Circle of Silence has long been one of my favourite power metal bands, their music always bearing a more vicious edge than many of their contemporaries. This year, the German five-piece dropped their fourth full-length, "The Rise of Resistance", and it's proven to be an excellent follow-up to "The Blackened Halo", which got me into the band originally. Improving many-fold, Circle of Silence have honed their more violent side, and hit 2013 with a brilliantly-executed fifty minutes of power(ful) metal. Between the energetic guitar-play the dual guitarists bring to the table and the sheer vocal presence that Niklas Keim delivers, "The Rise of Resistance" deserves to be added to any purveyor of heavy or power metal, and might even serve those who enjoy the realm of thrash.

If you'd like an audible summary of the guitars, go listen to the opening to "One Moment of Hate". Did you listen to it? If you did, I don't even have to ask if you liked it, because that part's a given - Circle of Silence's guitarists add a mesmerizing and meticulous melody to their music, carving out a beautiful sound amidst the viciousness of the vocals and the drums. Between the solos that carry an edge atypical of the genre and the thrashy riffs like those found on opener "Blood of Enemies", there's plenty of variety to be found on "The Rise of Resistance". One of the best things about Circle of Silence's past work was the creativity expressed in their guitar-play, and it's both refreshing and enthusing to find their best guitar-work on their latest release.

In similar fashion, the vocals on "The Blackened Halo" were one of the more interesting aspects of that record, and they've only gotten more frenetic on this album. While the closest thing to standard fare for the genre can be found in the high-pitched notes on "An Oncoming Storm", Keim's vocals carry a vicious edge unheard of in his previous performances, making songs like "Eyes of Anarchy" and the album's aforementioned opener "Blood of Enemies" addictive to listen to. Keim's vocals are some of the only ones in the genre which I find myself truly interested in, and his delivery on "The Rise of Resistance" is second to none. His voice comes alive on tracks like "Mind Conspiracy", showing off his full range from a quiet whisper to a passionate scream, and the vocals as a whole synergies incredibly-well with the guitar-work and the drums, driving the mix forward in one swift movement.

As soon as I listened to "In the Absence of Your God", I knew the drum fills on this album were going to be among the best of the year. While the bass-work of Björn Boehm boosts the mix up a notch in terms of volume, Peter Suppinger's drum-work is a calculated and perfected variety of hat hits, snare slams, and bass kicks, even accelerating into what sounds a lot like blast beats at times. The band is clearly not afraid to redefine their genre and step out of bounds, and as refreshing as that seems, the real benefit is the killer sound on tracks like "We Rise". Anthems like this are made by the drums beating up a steady rhythm, and Suppinger's work is top-notch - he proves that he knows how to get the job done on this record.

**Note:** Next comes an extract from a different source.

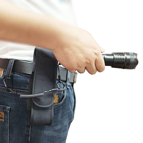 フラッシュライト ポーチ 懐中電灯ケース 懐中電灯ホルスター 電池収納ポケット カールコード付き ブラック

"The Rise of Resistance" is not only the best of Circle of Silence's efforts, it is one of the best albums of 2013. It should put the German metallers where they rightfully belong - in the spotlight of the scene, where they get the attention they deserve. I hope they continue to improve their techniques and deliver their crushing anthems and fantastic melodies, but one thing is for certain: "The Rise of Resistance" deserves every bit of hyperbole it's gotten in this review, and more. It deserves your purchase, so go buy the damn thing, and thank me later.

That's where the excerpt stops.